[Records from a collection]
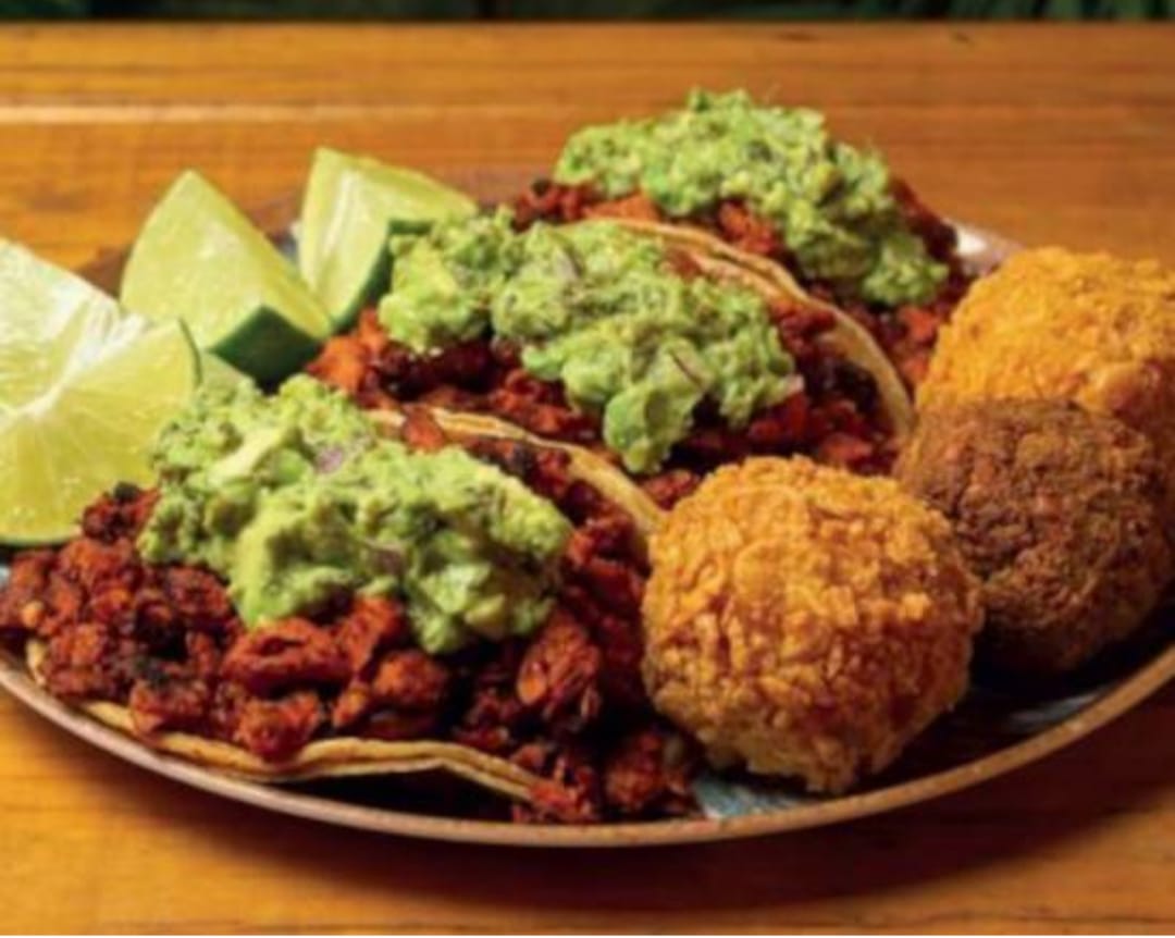 Gracias por comer vegetales!! Grandes Porciones -> 4 Tacos de soya (sabor a escoger) tortilla de maíz o de harina con queso manchego y guacamole, incluye 3 bolitas de papa, falafel o combinadas, opción vegana sin queso. Incluye un aderezo aparte + 1 bebida (PUEDES ESCRIBIRNOS 2229092904)
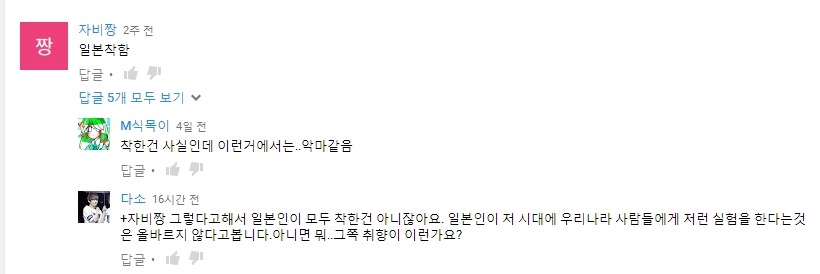 (얘는 걍 진성 일본인이 번역기 돌려서 댓글 달았음)
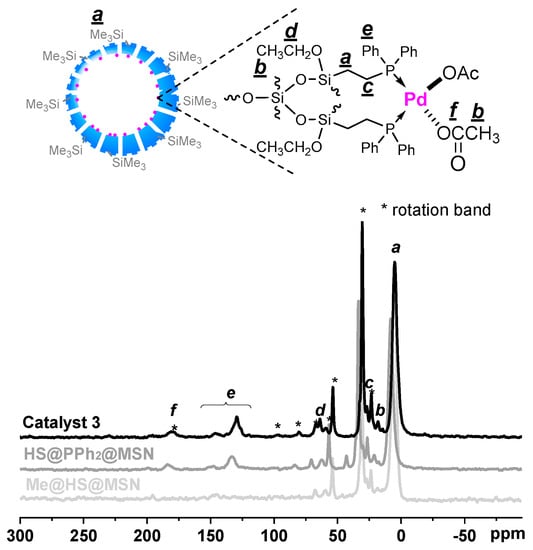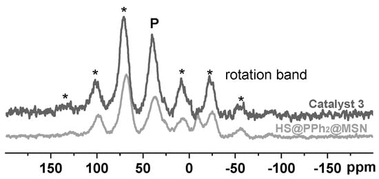 The solid-state 13C cross-polarization (CP)/magic angle spinning (MAS) NMR spectroscopy was collected to confirm the incorporation of the (PPh2)2Pd(OAc)2-functionality within the inner sphere of the hollow shell of three. As shown in Figure 1, the strong carbon signals around 5.6 ppm belonged to the –SiCH2CH2Si– groups for the ethylene-bridged moiety in catalyst 3, suggesting its ethylene-bridged network of the organosilicate shell. Especially, the characteristic peaks at 26.9 and 188.5–174.3 ppm for the carbon atoms of –CH2P and –PC6H5 groups were presented in catalyst 3, similar to those of its homogeneous counterpart [50]. Further, in the spectrum of three, the strong signals for the carbon atoms of the aromatic ring could be observed clearly, while all these peaks were absent in the spectrum of one, revealing that three had the same well-defined single-site active species as its homogeneous counterpart. Moreover, its solid-state 31P CP MAS spectrum (Figure 2) also demonstrated the same well-defined single-site active species as its homogeneous counterpart [51].
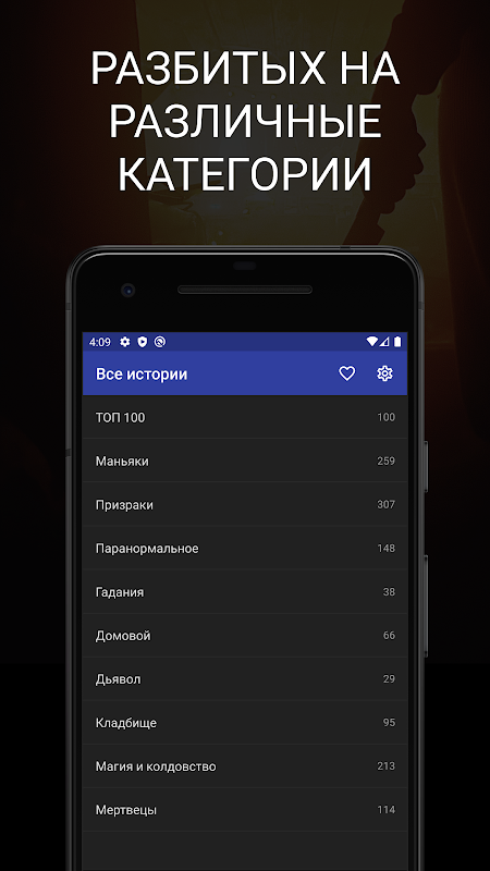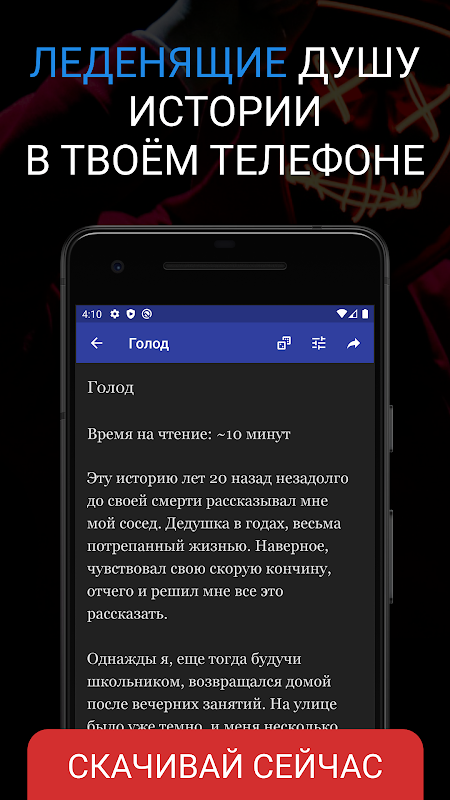 - С нашим приложением у вас есть возможность читать страшилки без интернета каждый день
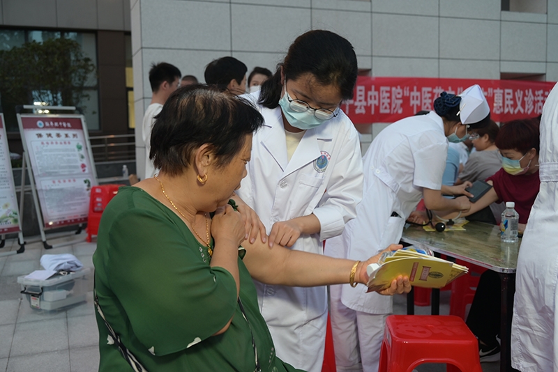 在中医义诊摊位上,来自镇平县中医院脑病科、心病科、肝胆脾胃科等科室的医护人员,为群众免费测量血压,把脉问诊,开具药方,并给出合理的治疗建议。在中医非药物疗法体验区,医护人员为前来就诊咨询的群众免费贴三伏贴,发放宣传资料,疼痛患者现场体验针灸推拿等中医特色疗法,温馨的服务和精湛的医术得到了市民的高度赞扬。
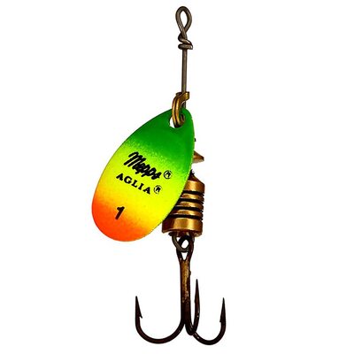 Блесна Mepps Aglia Fluo #1 Tiger 3.5г незаменима в мутной воде, а также при плохой погоде. Даже при воздействии ультрафиолетовых лучей приманка отчётливо видна. Зарядившись от лучей солнца или от других источников ультрафиолетового излучения, блесна продолжает долго светиться, даже когда остальные цвета полностью исчезают из видимости, что даёт преимущество в мутной воде или при плохой погоде. Но это не единственные достоинства, приманка имеет сверхпрочный крючок, который никогда не подведёт, поскольку не подвержен сгибанию.
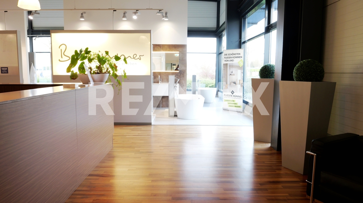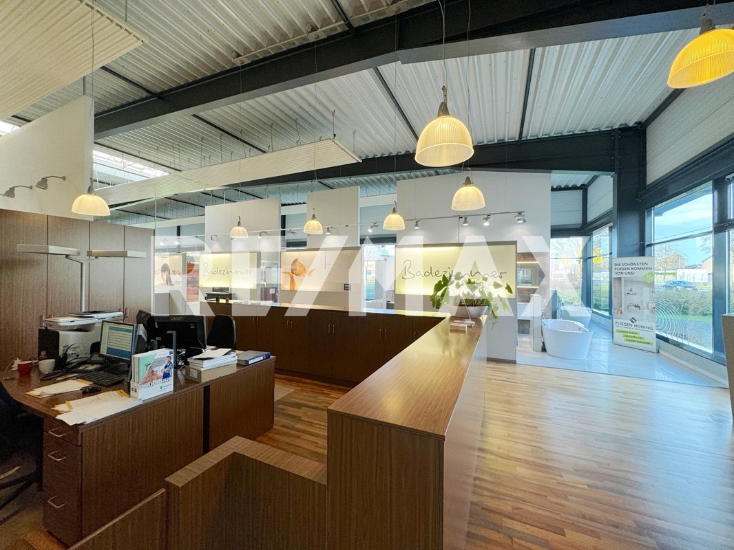 Entdecken Sie eine erstklassige Gewerbefläche zur Miete im attraktiven Gewerbegebiet von Kleve, die sich hervorragend als Ausstellungsfläche eignet. Diese Immobilie bietet eine großzügige Gesamtfläche von 1.417,69 m² auf einem weitläufigen Grundstück von 8.752 m².Das Herzstück der Immobilie ist ein großzügiger Ausstellungsbereich von ca. 501 m², ausgestattet mit großen Fenstern, die für eine exzellente Sichtbarkeit zur Straße hin sorgen. Ein angrenzender Lagerbereich von ca. 787 m² bietet Ihnen reichlich Platz für Waren und Equipment, komplettiert durch Deckenhöhen von 4 bis 5 m und ein großes Rolltor von 4 m Höhe, ideal für bequeme Warenanlieferungen.
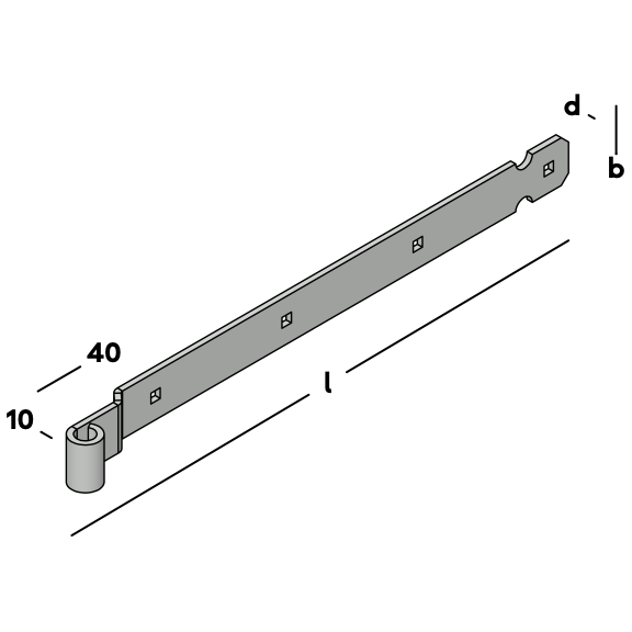 Baguette avec décalage pour le montage sur charnière de portails et de portes. Le décalage de la baguette correspond à l'épaisseur du pouce (qui la chevauche), de sorte que la porte puisse être suspendue au niveau du montant. À utiliser en combinaison avec un pouce Ø 16mm.
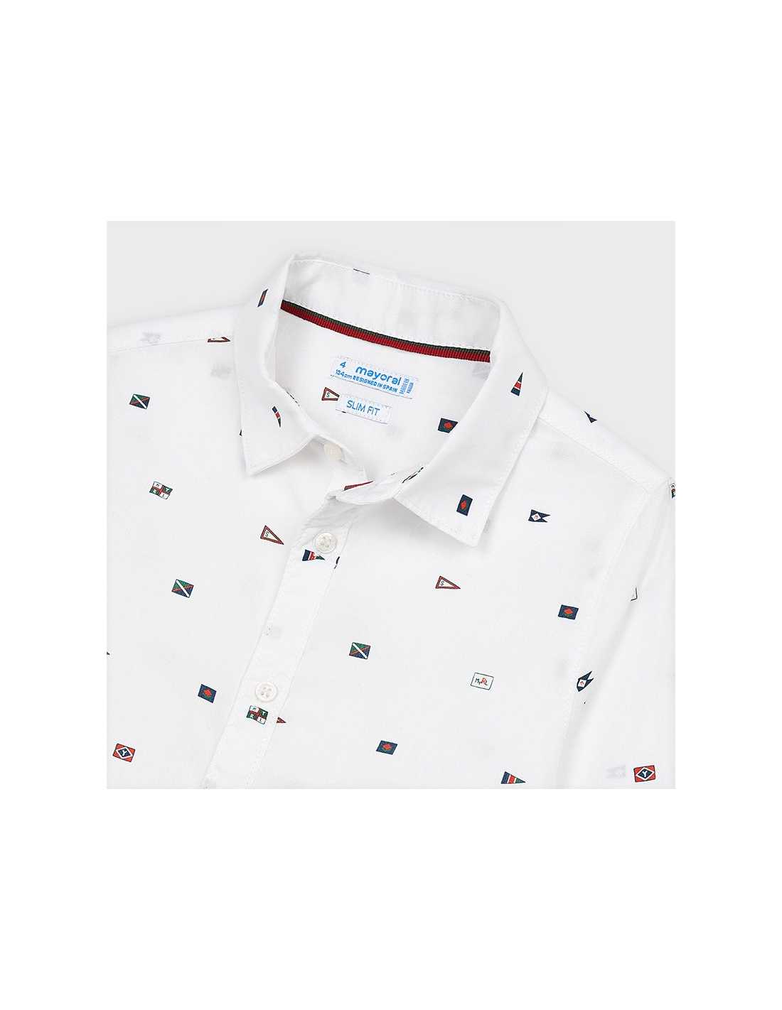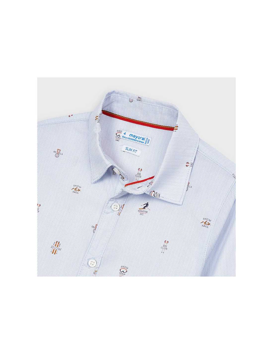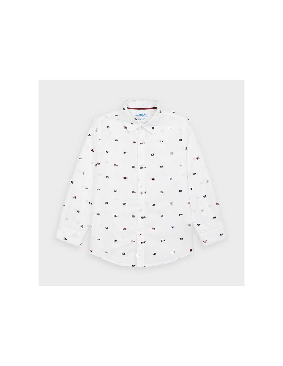 Camisa de manga larga para niño de 2 a 9 años, con puños abotonados. Cuello camisero. Línea de corte entallado (Slim Fit). Cierre con botones en la parte delantera. Tejido 100% algodón. Estampado con bicicletas.

_EXERCISE GOAL_
Leave out the pictures and give the rest of the records again exactly.

_OUTPUT OF THE TASK_
 Gracias por comer vegetales!! Grandes Porciones -> 4 Tacos de soya (sabor a escoger) tortilla de maíz o de harina con queso manchego y guacamole, incluye 3 bolitas de papa, falafel o combinadas, opción vegana sin queso. Incluye un aderezo aparte + 1 bebida (PUEDES ESCRIBIRNOS 2229092904)
 (얘는 걍 진성 일본인이 번역기 돌려서 댓글 달았음)
 The solid-state 13C cross-polarization (CP)/magic angle spinning (MAS) NMR spectroscopy was collected to confirm the incorporation of the (PPh2)2Pd(OAc)2-functionality within the inner sphere of the hollow shell of three. As shown in Figure 1, the strong carbon signals around 5.6 ppm belonged to the –SiCH2CH2Si– groups for the ethylene-bridged moiety in catalyst 3, suggesting its ethylene-bridged network of the organosilicate shell. Especially, the characteristic peaks at 26.9 and 188.5–174.3 ppm for the carbon atoms of –CH2P and –PC6H5 groups were presented in catalyst 3, similar to those of its homogeneous counterpart [50]. Further, in the spectrum of three, the strong signals for the carbon atoms of the aromatic ring could be observed clearly, while all these peaks were absent in the spectrum of one, revealing that three had the same well-defined single-site active species as its homogeneous counterpart. Moreover, its solid-state 31P CP MAS spectrum (Figure 2) also demonstrated the same well-defined single-site active species as its homogeneous counterpart [51].
 - С нашим приложением у вас есть возможность читать страшилки без интернета каждый день
 在中医义诊摊位上,来自镇平县中医院脑病科、心病科、肝胆脾胃科等科室的医护人员,为群众免费测量血压,把脉问诊,开具药方,并给出合理的治疗建议。在中医非药物疗法体验区,医护人员为前来就诊咨询的群众免费贴三伏贴,发放宣传资料,疼痛患者现场体验针灸推拿等中医特色疗法,温馨的服务和精湛的医术得到了市民的高度赞扬。
 Блесна Mepps Aglia Fluo #1 Tiger 3.5г незаменима в мутной воде, а также при плохой погоде. Даже при воздействии ультрафиолетовых лучей приманка отчётливо видна. Зарядившись от лучей солнца или от других источников ультрафиолетового излучения, блесна продолжает долго светиться, даже когда остальные цвета полностью исчезают из видимости, что даёт преимущество в мутной воде или при плохой погоде. Но это не единственные достоинства, приманка имеет сверхпрочный крючок, который никогда не подведёт, поскольку не подвержен сгибанию.
 Entdecken Sie eine erstklassige Gewerbefläche zur Miete im attraktiven Gewerbegebiet von Kleve, die sich hervorragend als Ausstellungsfläche eignet. Diese Immobilie bietet eine großzügige Gesamtfläche von 1.417,69 m² auf einem weitläufigen Grundstück von 8.752 m².Das Herzstück der Immobilie ist ein großzügiger Ausstellungsbereich von ca. 501 m², ausgestattet mit großen Fenstern, die für eine exzellente Sichtbarkeit zur Straße hin sorgen. Ein angrenzender Lagerbereich von ca. 787 m² bietet Ihnen reichlich Platz für Waren und Equipment, komplettiert durch Deckenhöhen von 4 bis 5 m und ein großes Rolltor von 4 m Höhe, ideal für bequeme Warenanlieferungen.
 Baguette avec décalage pour le montage sur charnière de portails et de portes. Le décalage de la baguette correspond à l'épaisseur du pouce (qui la chevauche), de sorte que la porte puisse être suspendue au niveau du montant. À utiliser en combinaison avec un pouce Ø 16mm.
 Camisa de manga larga para niño de 2 a 9 años, con puños abotonados. Cuello camisero. Línea de corte entallado (Slim Fit). Cierre con botones en la parte delantera. Tejido 100% algodón. Estampado con bicicletas.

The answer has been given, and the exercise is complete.